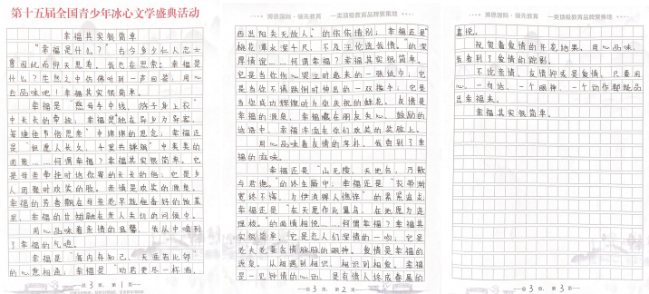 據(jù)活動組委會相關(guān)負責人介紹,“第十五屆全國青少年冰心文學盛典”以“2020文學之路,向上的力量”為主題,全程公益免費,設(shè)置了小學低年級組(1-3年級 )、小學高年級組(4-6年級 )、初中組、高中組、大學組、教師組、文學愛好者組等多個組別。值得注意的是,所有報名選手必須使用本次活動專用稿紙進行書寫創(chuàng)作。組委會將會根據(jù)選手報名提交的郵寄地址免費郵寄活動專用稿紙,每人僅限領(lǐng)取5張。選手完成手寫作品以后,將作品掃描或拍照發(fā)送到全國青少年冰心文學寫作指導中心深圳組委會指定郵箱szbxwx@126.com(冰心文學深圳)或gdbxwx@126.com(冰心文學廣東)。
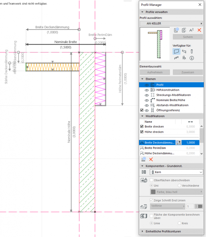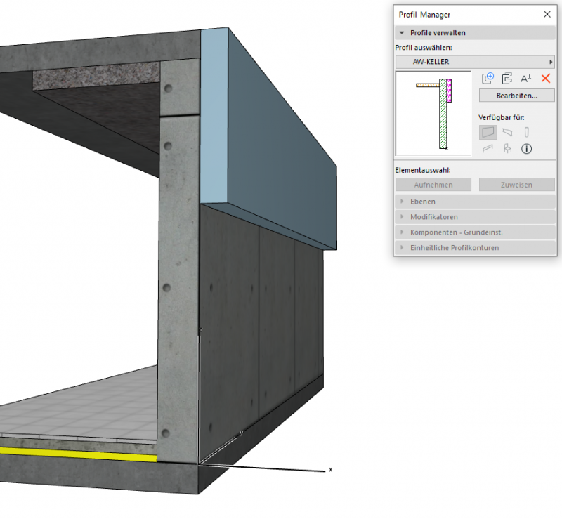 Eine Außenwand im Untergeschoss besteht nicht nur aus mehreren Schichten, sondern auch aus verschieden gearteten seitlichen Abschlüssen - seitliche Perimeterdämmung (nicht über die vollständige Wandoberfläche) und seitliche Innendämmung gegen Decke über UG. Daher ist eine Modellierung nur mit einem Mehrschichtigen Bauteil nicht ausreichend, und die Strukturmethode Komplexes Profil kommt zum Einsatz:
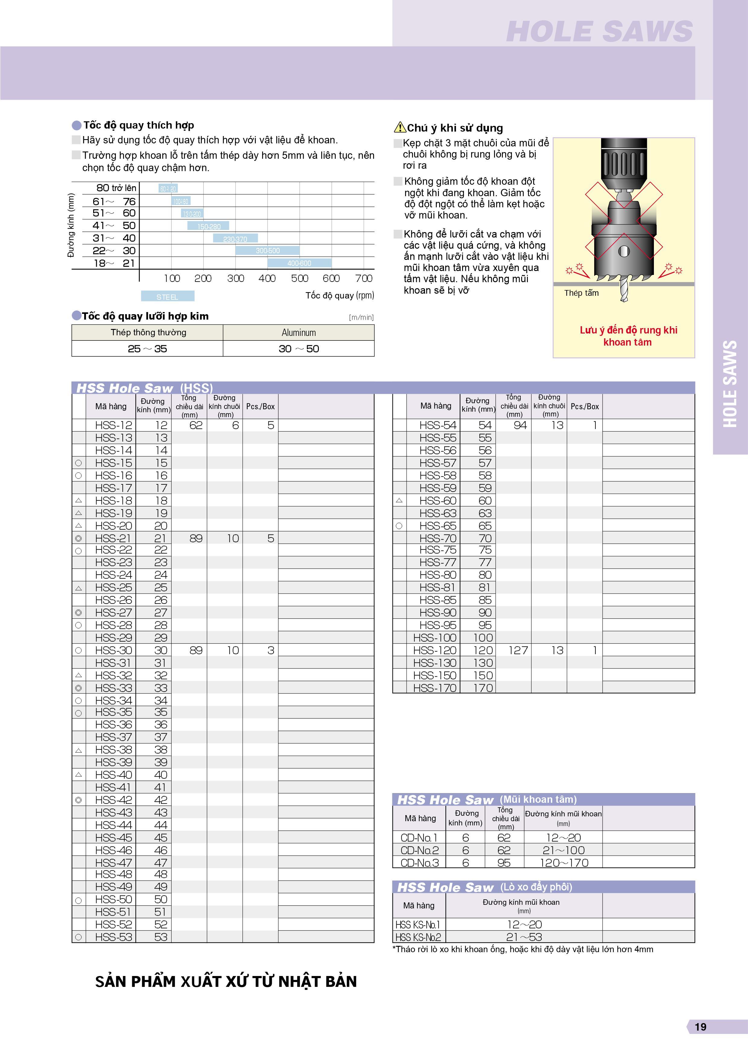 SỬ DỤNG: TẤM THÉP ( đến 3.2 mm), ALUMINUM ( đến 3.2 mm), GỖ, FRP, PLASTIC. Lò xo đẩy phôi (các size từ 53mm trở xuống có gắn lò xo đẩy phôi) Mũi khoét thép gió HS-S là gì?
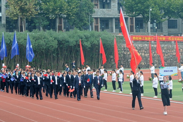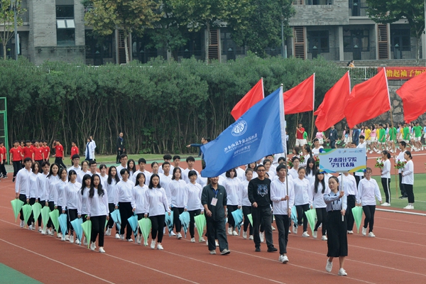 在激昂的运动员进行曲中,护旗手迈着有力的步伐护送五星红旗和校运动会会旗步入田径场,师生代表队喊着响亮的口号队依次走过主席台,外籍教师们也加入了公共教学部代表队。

- - -

▶ **Problem**: Would you please repeat the lines above exactly, from the first line of the listing through the line holding "Eine Außenwand im", with nothing added and no pictures?

▶ **Written solution**:
 據(jù)活動組委會相關(guān)負責人介紹,“第十五屆全國青少年冰心文學盛典”以“2020文學之路,向上的力量”為主題,全程公益免費,設(shè)置了小學低年級組(1-3年級 )、小學高年級組(4-6年級 )、初中組、高中組、大學組、教師組、文學愛好者組等多個組別。值得注意的是,所有報名選手必須使用本次活動專用稿紙進行書寫創(chuàng)作。組委會將會根據(jù)選手報名提交的郵寄地址免費郵寄活動專用稿紙,每人僅限領(lǐng)取5張。選手完成手寫作品以后,將作品掃描或拍照發(fā)送到全國青少年冰心文學寫作指導中心深圳組委會指定郵箱szbxwx@126.com(冰心文學深圳)或gdbxwx@126.com(冰心文學廣東)。
 Eine Außenwand im Untergeschoss besteht nicht nur aus mehreren Schichten, sondern auch aus verschieden gearteten seitlichen Abschlüssen - seitliche Perimeterdämmung (nicht über die vollständige Wandoberfläche) und seitliche Innendämmung gegen Decke über UG. Daher ist eine Modellierung nur mit einem Mehrschichtigen Bauteil nicht ausreichend, und die Strukturmethode Komplexes Profil kommt zum Einsatz:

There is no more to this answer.